Exercise materials
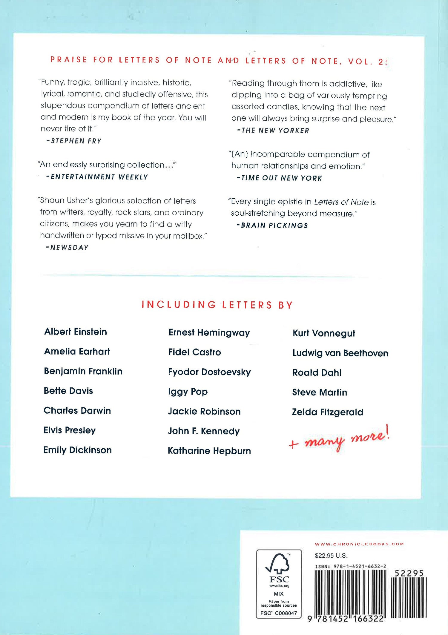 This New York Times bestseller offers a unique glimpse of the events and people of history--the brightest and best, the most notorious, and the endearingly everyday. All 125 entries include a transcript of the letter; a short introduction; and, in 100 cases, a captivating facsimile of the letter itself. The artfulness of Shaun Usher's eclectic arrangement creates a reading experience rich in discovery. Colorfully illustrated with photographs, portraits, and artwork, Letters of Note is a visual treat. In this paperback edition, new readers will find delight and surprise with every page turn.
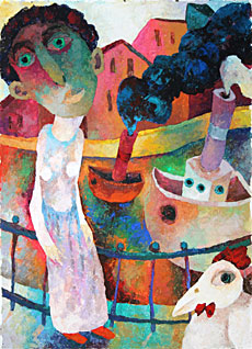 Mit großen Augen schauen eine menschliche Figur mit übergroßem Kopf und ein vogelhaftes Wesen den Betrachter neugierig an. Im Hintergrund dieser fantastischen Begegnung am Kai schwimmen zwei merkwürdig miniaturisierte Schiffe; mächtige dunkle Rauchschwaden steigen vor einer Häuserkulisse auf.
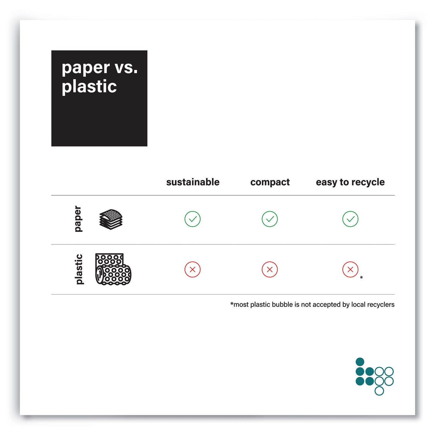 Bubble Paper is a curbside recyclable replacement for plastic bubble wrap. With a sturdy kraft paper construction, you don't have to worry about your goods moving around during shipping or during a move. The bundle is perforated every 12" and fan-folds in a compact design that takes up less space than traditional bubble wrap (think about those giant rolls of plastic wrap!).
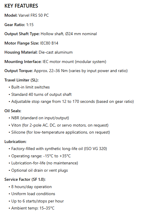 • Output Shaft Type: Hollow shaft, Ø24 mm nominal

---

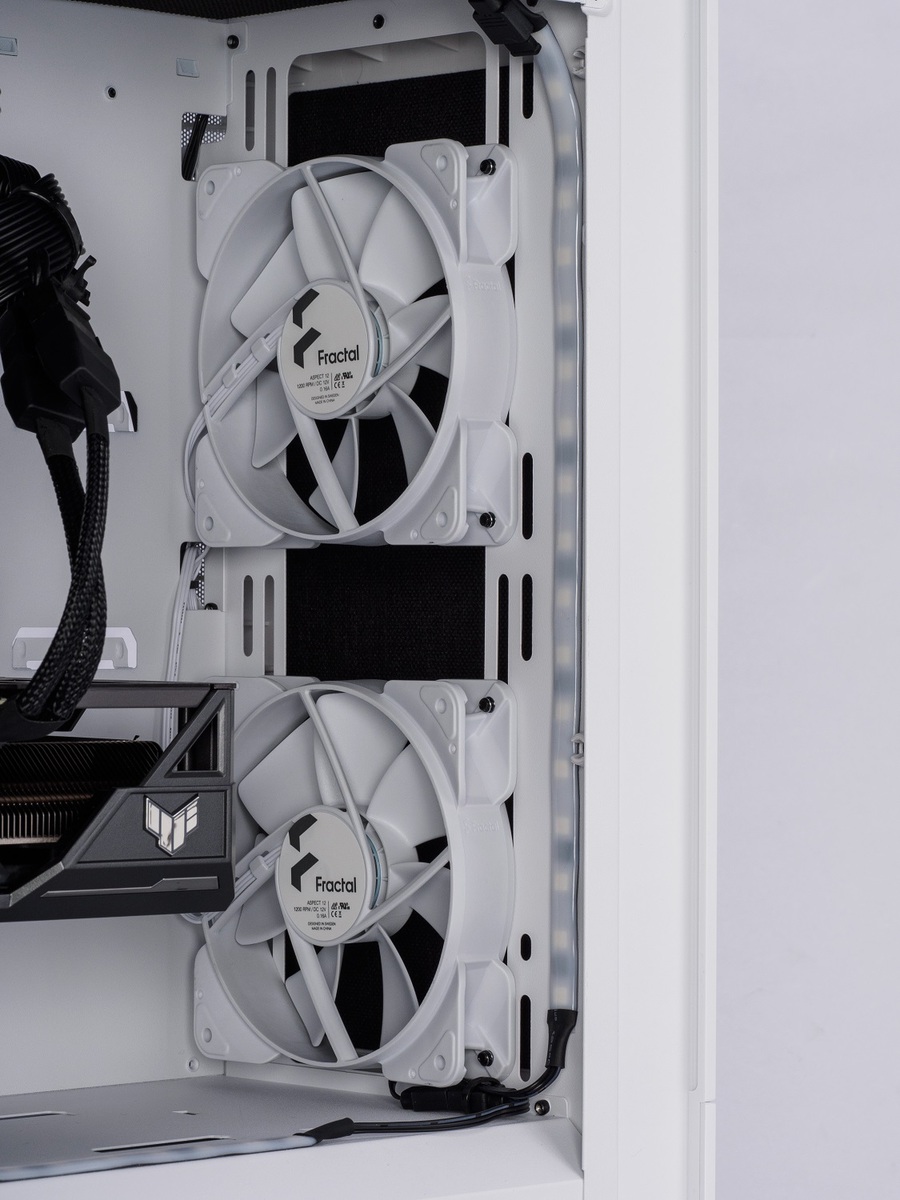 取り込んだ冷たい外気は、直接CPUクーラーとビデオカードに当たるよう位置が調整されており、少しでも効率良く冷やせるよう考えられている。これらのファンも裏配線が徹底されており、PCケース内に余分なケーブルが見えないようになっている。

==

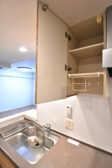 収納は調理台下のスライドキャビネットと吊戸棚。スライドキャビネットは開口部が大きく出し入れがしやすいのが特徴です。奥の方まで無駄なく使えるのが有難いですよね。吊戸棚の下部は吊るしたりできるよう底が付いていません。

Required work
Only the lines starting at the one with "Bubble Paper is" and ending at the one with "Ø24 mm nominal" should be printed, each exactly as it appears in the material above; the pictures are to be omitted.

Solution to the exercise
 Bubble Paper is a curbside recyclable replacement for plastic bubble wrap. With a sturdy kraft paper construction, you don't have to worry about your goods moving around during shipping or during a move. The bundle is perforated every 12" and fan-folds in a compact design that takes up less space than traditional bubble wrap (think about those giant rolls of plastic wrap!).
 • Output Shaft Type: Hollow shaft, Ø24 mm nominal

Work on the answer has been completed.